• Aucun résultat trouvé

AUGMENTED ADRESSED MODEL DE CARAMAZZA, LAUDANNA, ROMANI (1988) Le modèle de Caramazza et col ne différencie pas les différents types de mots complexes.

Autrement dit, il rend compte des processus censés être impliqués dans la reconnaissance des mots complexes de façon globale. Ainsi, s'il a été principalement développé pour la modalité écrite, rien n'exclut selon les auteurs qu'il s'applique à la modalité auditive, tout comme le modèle de Taft & Forster. Il jette toutefois un nouveau regard sur le champ d'études s'intéressant à la reconnaissance des mots morphologiquement complexes. Il prévoit en effet deux voies d'analyse : une analytique et une globale (whole word). Il est donc moins extrême et permet ainsi de diminuer les désavantages des hypothèses privilégiant à l'extrême l'économie de stockage (Taft & Forster, 1975) ou de coût de traitement (nous le verrons plus

tard, Butterworth, 1983). C'est en ce sens qu'il est une source d'inspiration, explicite ou implicite, pour beaucoup de modèles actuels.

Plus précisément, selon Caramazza et al. (1988), les procédures de reconnaissance visuelle des mots complexes nécessitent l'intervention de deux niveaux de représentations (cf. Figure 2). Le premier niveau, celui des codes d'accès, contient deux types de représentations : celles codant la forme entière des mots complexes et celles se rapportant aux morphèmes qui les composent. Au deuxième niveau, celui des représentations du lexique proprement dit, les mots morphologiquement complexes ne sont représentés que sous un format décomposé (morphèmes + règles de combinaison).

forme phonologique unitaire

buffer phonologique de sortie racines affixes système sémantique PAROLE procédures de conversion graphèmes-phonèmes processus perceptifs accès

unitaire accèsmorphologique racines affixes procédures d'accès lexical lexique ortho- graphique d'entrée STIMULI VISUELS

Figure 2 : Modèle AAM de Caramazza et al. (extrait de Laudanna & Burani, 1985, p. 785).

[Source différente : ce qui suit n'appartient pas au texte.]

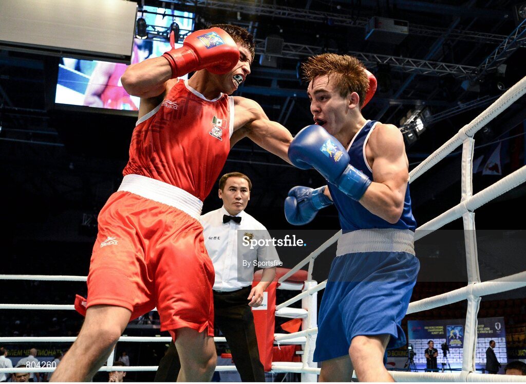 21 October 2013; Brian Gonzalez, left, Mexico, exchanges punches with Michael Conlan, St. John Bosco BC, Belfast, representing Ireland, during their Men's Bantamweight 56Kg Last 16 bout. AIBA World Boxing Championships Almaty 2013, Almaty, Kazakhstan. Photo by Sportsfile
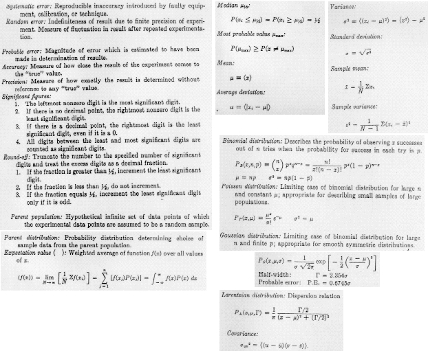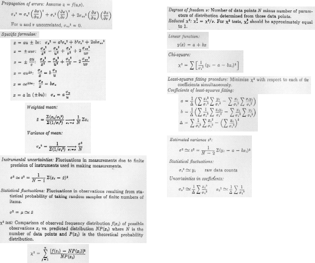 "Cheat Sheets" from: P. R. Bevington, "Data Reduction and Error Analysis for the Physical Sciences", McGraw Hill, NY (1969):

Selon la structure du modèle, deux procédures d'accès distinctes, bien qu'opérant en parallèle, doivent être postulées - l'une s'appuyant sur les représentations unitaires des mots complexes, l'autre employant les représentations morphémiques (cf. Figure 2). Ainsi, chaque item lexical complexe active la représentation

codant sa forme entière et celles associées à chaque morphème qu'il renferme. Le code d'accès qui atteint le plus rapidement un seuil d'activation prédéfini est celui qui active les représentations du lexique proprement dit. Les auteurs considèrent que les procédures impliquant les représentations morphémiques sont plus lentes que celles se fondant sur les représentations unitaires ; ce serait donc ces dernières qui contribueraient, en général, à l'activation des représentations du lexique proprement dit. En d'autres termes, la procédure d'accès unitaire serait adaptée à toutes les formes connues de l'usager, tandis que la procédure d'accès morphémique permettrait de rendre compte de l'habileté du locuteur à interpréter des formes complexes jamais rencontrées.

1. EXPLICATION DES EFFETS

1.1. EFFET DE LA STRUCTURE MORPHOLOGIQUE DES NON-MOTS

Laudanna, Badecker & Caramazza (1989, 1992) proposent que les non-mots qui ne sont composés d'aucun segment similaire à un morphème (suivant l'exemple précédent, tésoisse) peuvent être rejetés très rapidement, aucune représentation lexicale n'étant activée. Lorsque les mots sont partiellement ou entièrement analysables morphologiquement, la décision ne peut être prononcée que plus tardivement. Plus précisément, lorsque les non-mots sont partiellement analysables (tésoif ou désoisse), seul le fragment morphémique qu'ils renferment (ici dé- ou soif) active, au niveau des codes d'accès, la forme qui lui correspond. La partie restante - non-morphémique (ici té- ou soisse) - ne peut bien évidemment pas activer de code d'entrée. Ces items seraient donc reconnus comme étant des non-mots lorsque les procédures d'accès opèrent. Lorsque les non-mots contiennent deux segments morphémiques (désoif), la décision ne peut être prise qu'à une étape encore plus tardive du traitement, c'est-à- dire, au niveau de lexique proprement dit. La combinaison des deux codes d'accès précédemment activés y est évaluée. Comme la combinaison de ces deux représentations morphémiques n'est pas attestée, l'item présenté est considéré comme un non-mot. Selon ce

point de vue, aucune différence significative entre les types de non-mots partiellement analysables (les non-mots contenant un préfixe et une non-racine ainsi que les non-mots contenant un non-préfixe et une racine) ne devrait apparaître.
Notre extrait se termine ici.